---- Source material

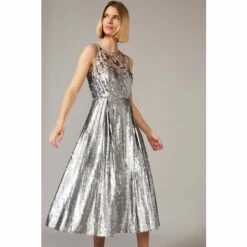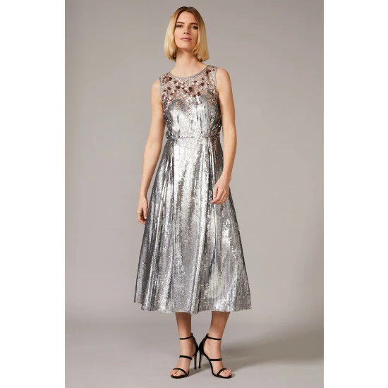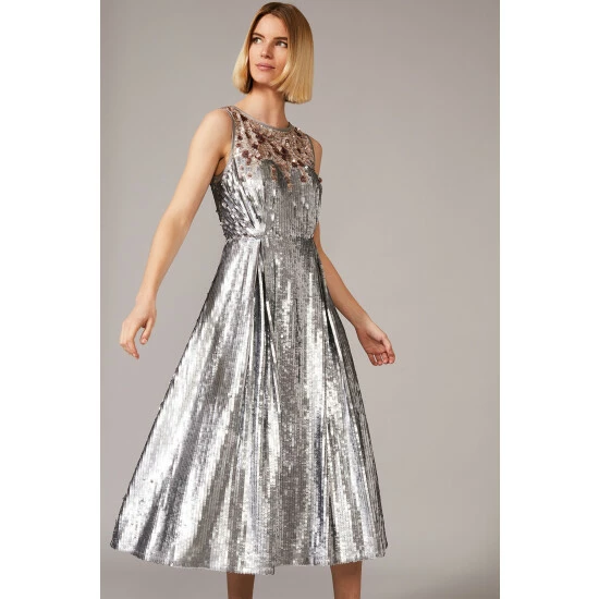 From Collection 8, Phase Eight’s stunning range of premium evening dresses. Need a statement dress for an upcoming party or special event? Look to the Lainey style, cut to a modern midi length, it is fully sequinned, graduating from blush embellishment through to shimmering silver. The satin-trimmed bodice is gathered and the skirt is gently pleated to nip in the waist, to highlight your silhouette.
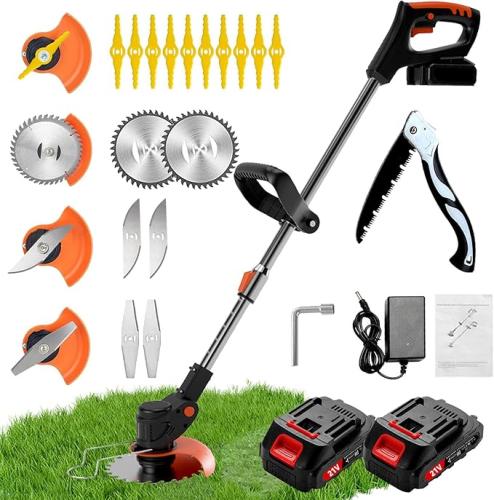 Minieme gebruikssporen, getest en werkend, ok, Gompuy Accu-grastrimmer, elektrische grastrimmer met metalen lemmet, accu-grastrimmer met 2 batterijen van 21 V 2000 mAh, intrekbare handgreep en 90° rotatie van de kop,B0DQP565KT
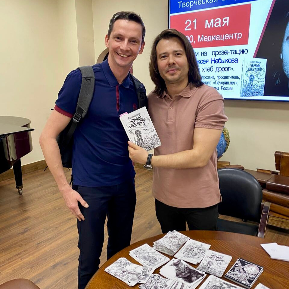 В продолжение вечера А. Небыков поделился историей появления сборника «Чёрный хлеб доро́г». Сначала были публикации отдельных рассказов в толстых журналах, участие в конкурсах. Постепенно настало время, когда талантливые современники были готовы не только похвалить прозу Небыкова, но и дать цитату о ней для обложки.
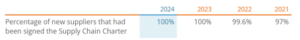 - 100% of suppliers qualified during the year have signed the supply chain charter[1];
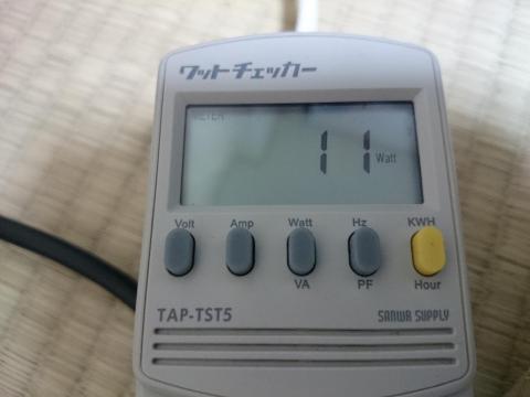 最後に昔に買ったワットチェッカーを引っ張りだしての消費電力測定です。

--------

-- Work order --
Please set down, word for word, the lines starting at the line that holds "- 100% of suppliers" and running to the end of the listing, with no pictures.

-- Response to the exercise --
 - 100% of suppliers qualified during the year have signed the supply chain charter[1];
 最後に昔に買ったワットチェッカーを引っ張りだしての消費電力測定です。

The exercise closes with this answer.